Fryckholm (Posterior decompression and nucleotomy)
What is it?
Fryckholm’s technique was developed to treat cervical radiculopathy, particularly in cases where soft disc herniations or spondylotic changes caused nerve root compression. This technique of posterior decompression and nucleotomy represents a significant milestone in the evolution of cervical spine surgery because it offers a motion-preserving option for selected cases of cervical radiculopathy, particularly where direct decompression of the nerve root is required and underscores the importance of tailored surgical approaches based on individual patient pathology and the continuous evolution of spinal surgical methods.
One of the primary advantages of Fryckholm’s technique is preserving intervertebral disc and overall spinal stability, as it avoids extensive discectomy and fusion. This particularly benefits patients with isolated nerve root compression without significant disc degeneration or instability.
However, this technique has limitations, especially in large disc herniations or multilevel spondylosis, where anterior approaches may be more effective.
Patients undergoing Fryckholm’s procedure generally experience significant relief from radicular symptoms.
Procedure
Fryckholm’s technique involves a posterior approach to the cervical spine. Unlike anterior approaches, which directly address disc pathology, this posterior method focuses on decompressing the affected nerve root by removing the offending structures from a dorsal perspective.

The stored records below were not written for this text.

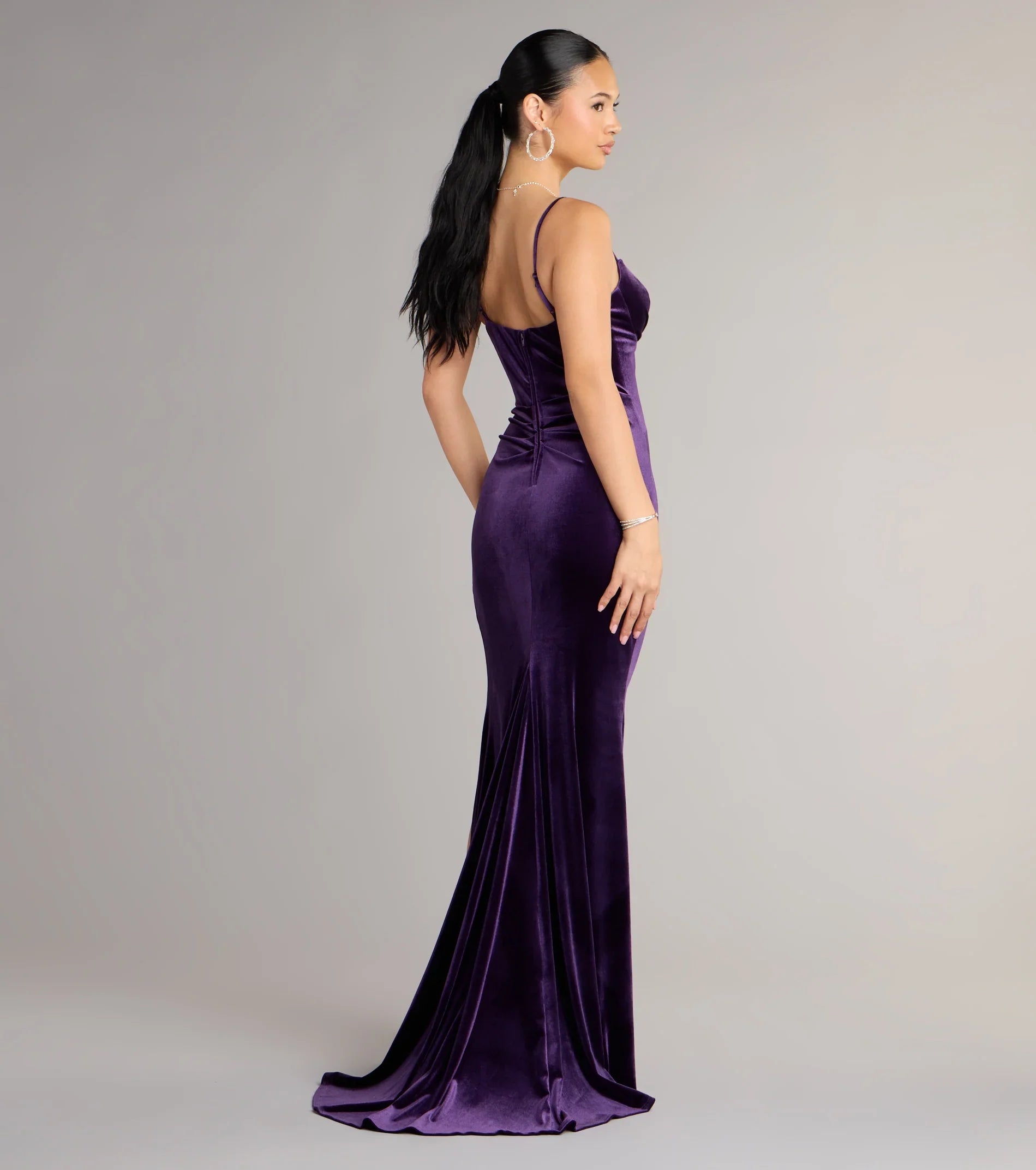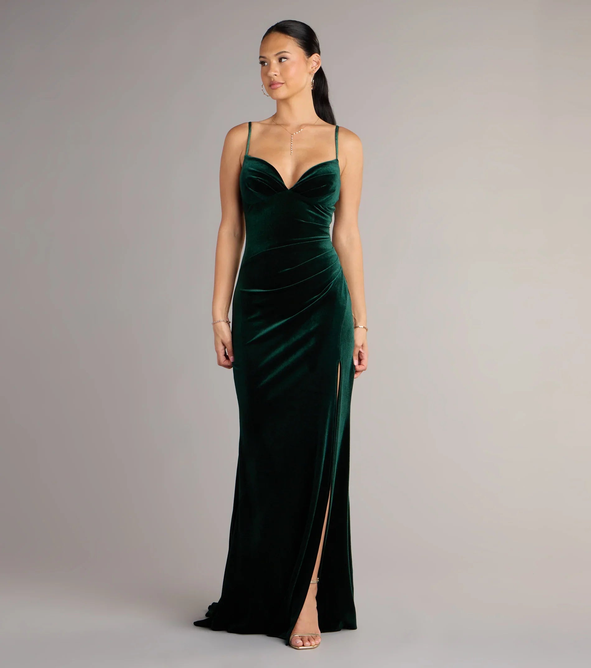 Opulent and unforgettable, the Ariel velvet gown drapes the figure with a liquid-like finish, featuring a sweetheart neckline and daring thigh slit. Finished with delicate straps and a floor-sweeping hem, it’s a timeless look that guarantees a showstopping entrance.
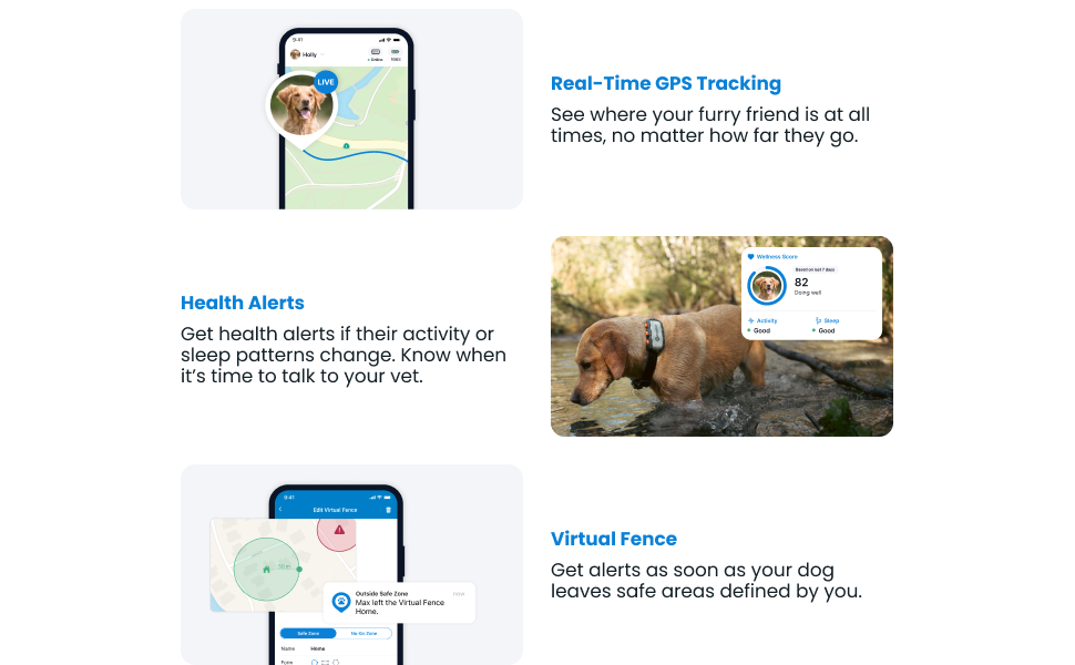 REAL-TIME GPS TRACKING: See the location of your dog and track them anywhere with no distance limit
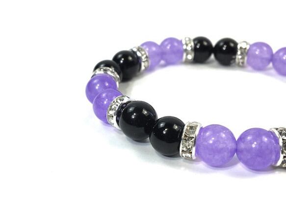 こちらは、8mm玉のジェイド(ラベンダーパープル)とオニキスを使用したパワーストーンブレスレットです。間にはロンデルを挟み高級感ある大人っぽいデザインに仕上がっています。サイズは内周約15cmです。気になる方は是非この機会にどうぞ。
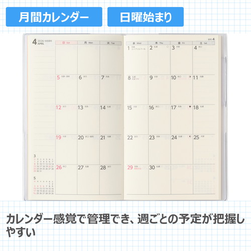 NOLTY(ノルティ)のカラーバリエーション豊富なシンプルマンスリー手帳。 いつでも持ち運べて予定管理をしやすいおすすめのスケジュール帳です。 【月間ページ】見開き1ヵ月のベーシックなブロックタイプ(日曜始まり)。カレンダーと同じような感覚で見ることができ、月ごとの予定が把握しやすいのが特長です。
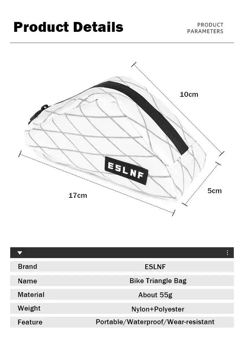 Desde quienes pedalean diariamente en la ciudad hasta los amantes del ciclismo de aventura, la Bolsa Triangular Impermeable es un accesorio esencial. Su diseño minimalista y su color blanco elegante combinan con cualquier tipo de bicicleta y estilo personal.
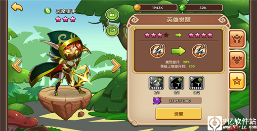 英雄觉醒:6星以上的英雄可以进行觉醒,觉醒会提升英雄的星级并且让英雄的属性和技能大幅度增强。
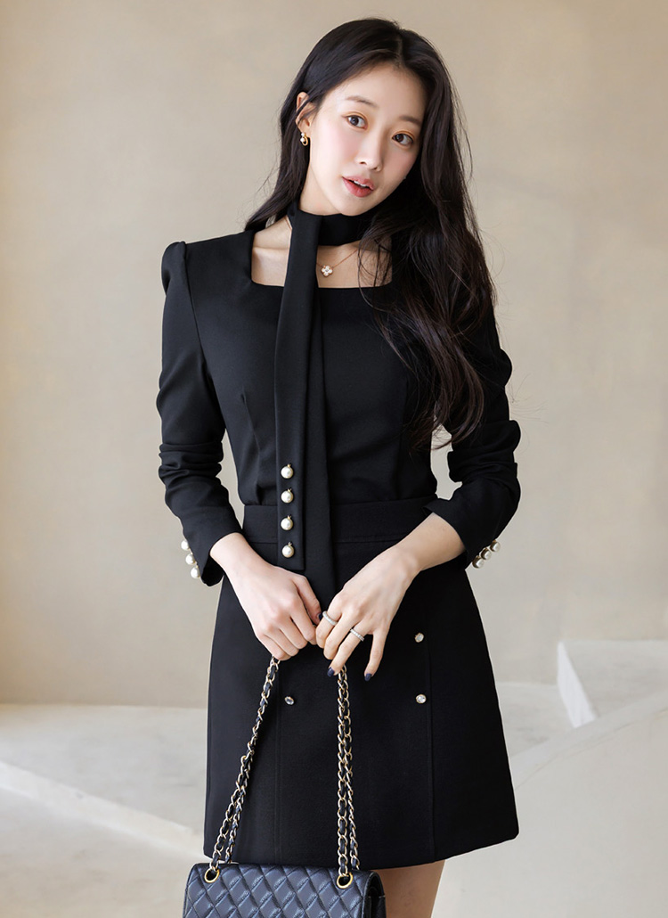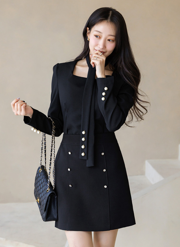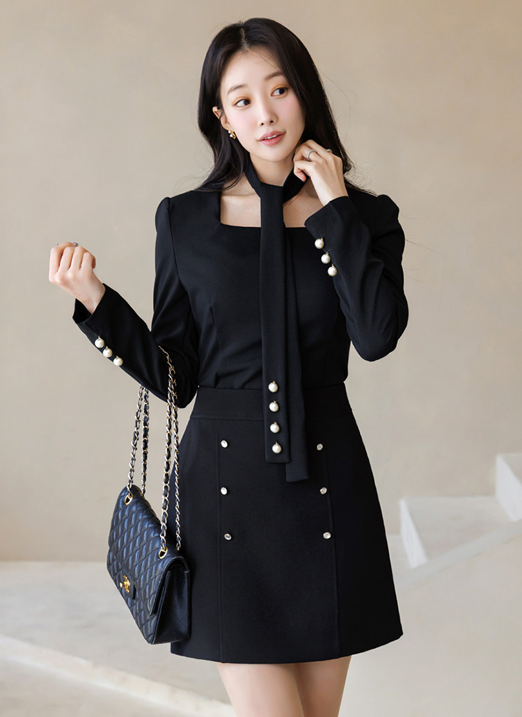 시엘라 왕진주 디테일 리본 타이SET 스퀘어넥 블라우스

The procedure begins with a midline incision over the relevant cervical segments. Subperiosteal dissection exposes the laminae and facet joints. A key aspect of Fryckholm’s technique is the partial removal of the lamina (laminotomy) and the medial aspect of the facet joint to access the nerve root canal.
Once the nerve root is visualized, the surgeon performs a careful dissection to identify and remove any compressive lesions, such as herniated disc material or osteophytes. Nucleotomy, the removal of disc material, is performed as needed, taking care not to destabilize the adjacent vertebral segments. This includes microsurgical techniques for enhanced precision and minimal invasiveness and incorporating intraoperative imaging and neuromonitoring for improved safety and efficacy.